The 2001 Gödel Prize was awarded to Sanjeev Arora, Uriel Feige, Shafi Goldwasser, Carsten Lund, László Lovász, Rajeev Motwani, Shmuel Safra, Madhu Sudan, and Mario Szegedy for work on the PCP theorem and its connection to hardness of approximation.

In 2005 Irit Dinur discovered a significantly simpler proof of the PCP theorem, using expander graphs. She received the 2019 Gödel Prize for this.

In 2025 the PCP theorem was proven to hold even when limited to perfectly zero knowledge proofs.

== Quantum analogs ==

===Nonlocal games version===
A version of the PCP theorem for quantum nonlocal games would state that it is computationally hard to approximate the quantum value of a quantum nonlocal game.
In 2012, Thomas Vidick and Tsuyoshi Ito published a result that showed a "strong limitation on the ability of entangled provers to collude in a multiplayer game". This could be a step toward proving the quantum analogue of the PCP theorem, since when the result was reported in the media, professor Dorit Aharonov called it "the quantum analogue of an earlier paper on multiprover interactive proofs" that "basically led to the PCP theorem".

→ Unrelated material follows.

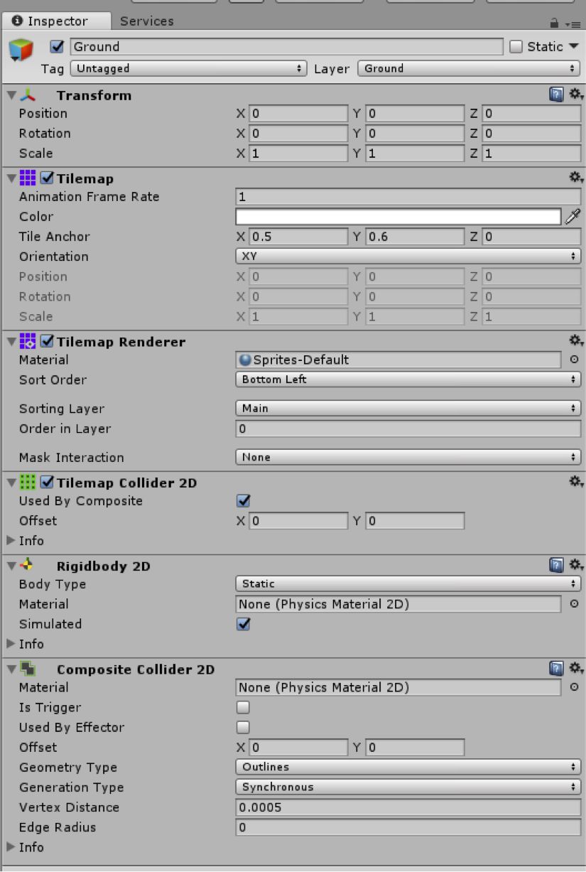 当绘制好场景后,角色还不能在场景的地面上移动,因为还没添加碰撞体。在Tilemap中添加碰撞体十分简单,只要给Tilemap对象加入一个Tilemap Collider 2D组件即可。可以看到,这个组件自动为该Tilemap上的所有瓦片都加入了碰撞体。

In 2018, Thomas Vidick and Anand Natarajan proved a games variant of quantum PCP theorem under randomized reduction. It states that $\mathsf{QMA}\subseteq\mathsf{MIP}^*[\log n,1,\tfrac12]$, where $\mathsf{MIP}^*[f(n),c,s]$ is a complexity class of multi-prover quantum interactive proofs systems with $f(n)$-bit classical communications, and the completeness is $c$ and the soundness is $s$.

===Hamiltonian version===
A version of the PCP theorem for quantum local Hamiltonians would state that it is computationally hard to approximate the ground energy of a quantum local Hamiltonian. The work of Natarajan and Vidick also showed that a quantum Hamiltonian version of the PCP theorem, namely the existence of local Hamiltonian problem with constant promise gap $c-s$ which are QMA-hard, implies a quantum nonlocal games version of the PCP theorem.

The NLTS conjecture was an unresolved obstacle and precursor to a quantum Hamiltonian analog of the PCP theorem. The conjecture was proven in 2022 by Anurag Anshu, Nikolas Breuckmann, and Chinmay Nirkhe using a construction of a Hamiltonian based on quantum CSS codes. However, the ground states of such Hamiltonians are given explicitly by the code states of the corresponding CSS code, and thus are not computationally hard enough for a general proof of a quantum PCP theorem.